Here we are in Oaxaca for the well-known celebration of the Dia de Muertos. We decided to come here after falling in love with Disney’s « Coco », inspired by Oaxaca and its traditions👌🏼📽
At first, I thought it was another commercial celebration, like Halloween. But then we really immersed ourselves in the local culture and took the time to understand what it’s all about, speaking with locals, learning about the History, seeing a myriad of live parades/shows/plays and visiting cemeteries on the night of October 31.
In Mexico (especially in the Central and Southern regions), this holiday is about families gathering to remember and honor their relatives. It is a tradition which mixes Catholic beliefs with pagan/indigenous traditions. Contrarily to what we could think, there is nothing sad or macabre about this practice. It is all about supporting loved ones’ spiritual journey, helping them cleanse their Soul and find their way back to their homes. Here, death is perceived as a natural part of the human cycle. Indigenous people believe we die only to be reborn and to give new life: just like the sun, we set and rise to be born anew. Mexicans believe that throughout time, the dead acquired the “right” to visit their families. Therefore families nowadays have the “obligation” of welcoming them.
These are not days of sadness, but days of celebration because the dead awaken to return home from the Heavens to share some special moments with their family. In Oaxaca, families typically spend the entire night of October 31st lighting candles and sitting by their relatives’ beautifully decorated tombs, until the sunrise. This practice stems from the belief that if the entire family does not leave its home, then their relative’s Soul will not be able to return home quietly and at its own pace – where it is welcomed by a personal altar after a long and tiring journey.
Every single element of these altars serves to support the Soul’s journey and guide it back home. They typically contain a picture of the loved one, candles, bright orange flowers and scented fruits, all serving the same purpose: to guide the Soul so it finds its way back more easily. Water, salt and copal incense help it cleanse and hydrate after what is believed to be a rough journey. An image of the deceased’s favorite Saint offers them protection, and many diverse offerings (such as their favorite foods, beverages, mezcal, and various other objects) are exposed to bring them joy and ease their crossing.
From November 1-3rd families gather in private, praying for their dead to be blessed in Heaven. After November 3rd, once their relative’s soul has left them to set out on its return journey, they can then themselves indulge in all the delicious offerings (eating their offerings earlier might upset the dead, so they believe) – sometimes even sharing them with friends and neighbours, from what I understood. So from a spiritual point of view, the most important happenings take place on October 31st and November 1st, when a lot of praying happens and Souls return home.
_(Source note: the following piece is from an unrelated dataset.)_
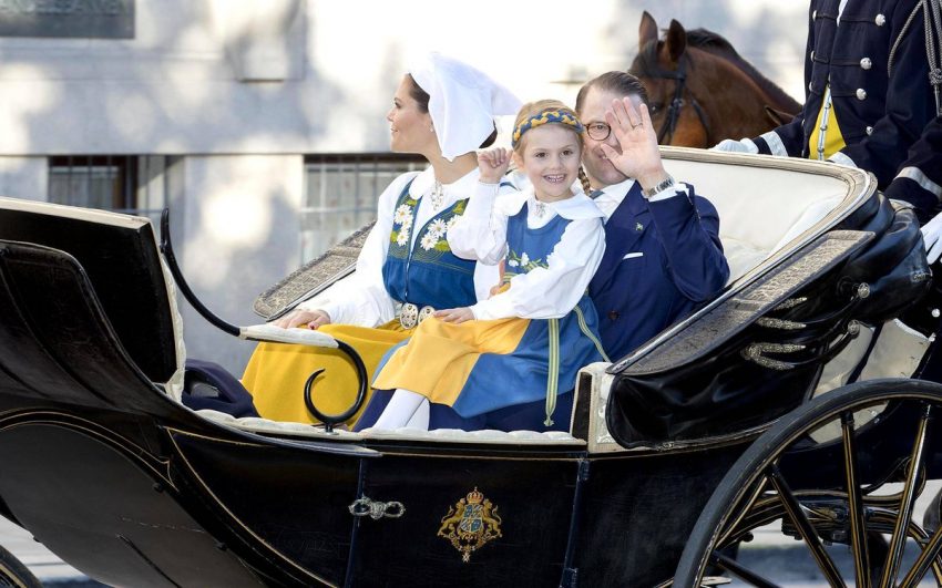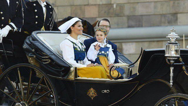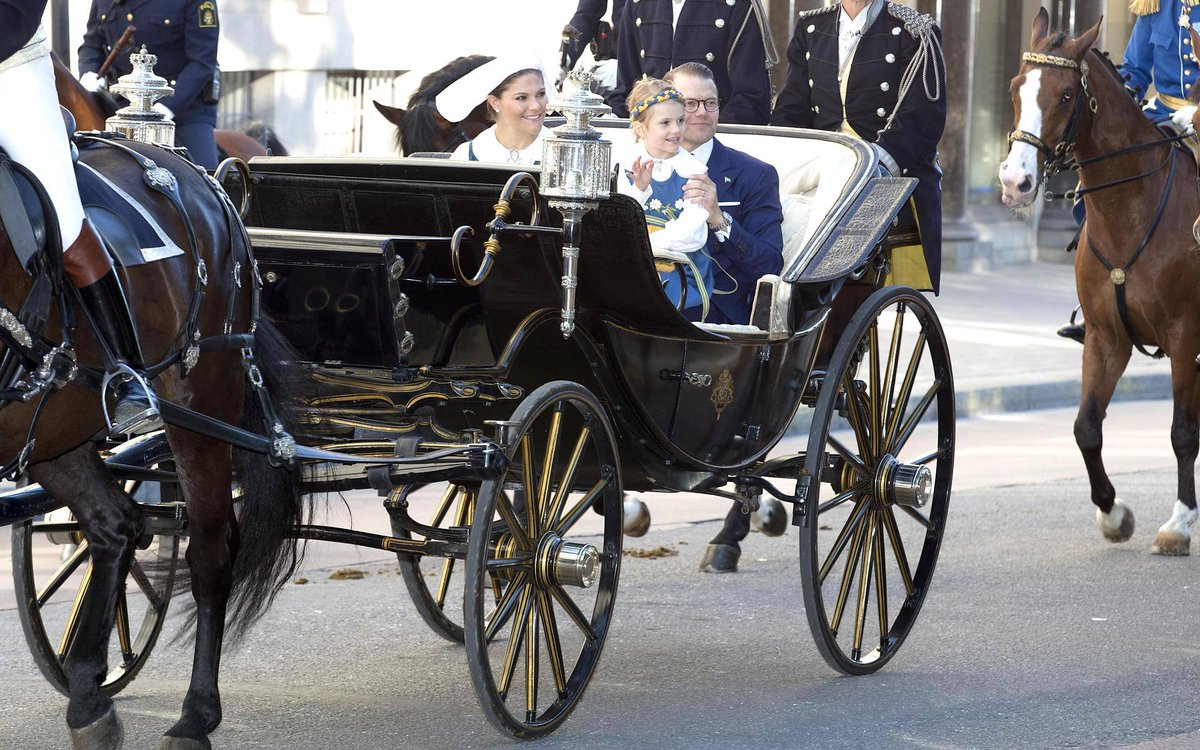 A princesa Estelle, filha da princesa herdeira Victoria, chegou de carruagem com os pais ao Palácio de Slottsbacken, em Estocolmo. Sorridente e bem ciente do seu papel como a segunda na linha de sucessão ao trono, a menina, de cinco anos, cativou todos.

As for the “lost” Souls, those with no relatives here below (or relatives who don’t care anymore, I guess…), we were encouraged to light a candle and place some offerings on empty tombs we might come across in the cemeteries – a gesture I found particularly touching ❤️
I truly loved witnessing these very special days. They taught me to let go of my Western view of life and death, reminding me that there is no life without death. Here they actually say you already start to die when you are born… Personally, I will forever try and remember my loved ones with a smile and light heart because I think their Souls will be able to rise and travel more freely if I do not hold them back with my sadness. It will serve them better to see me happy than sad and clinging on to their earthly form. As their time comes, acceptance is what helps everyone most – dead or alive 🌺✨🙏🏼
Ps: As opposed to what you could think, the Dia de Muertos is not celebrated all around Mexico, but concentrated in the central and southern states. Our Mexican-Mayan friends from Campeche (in the Yucatan peninsula) for example, did not celebrate at all. FYI, from what we’ve heard from locals, the best places to witness these celebrations and traditions are Oaxaca city, Michoacán and Guanajuato.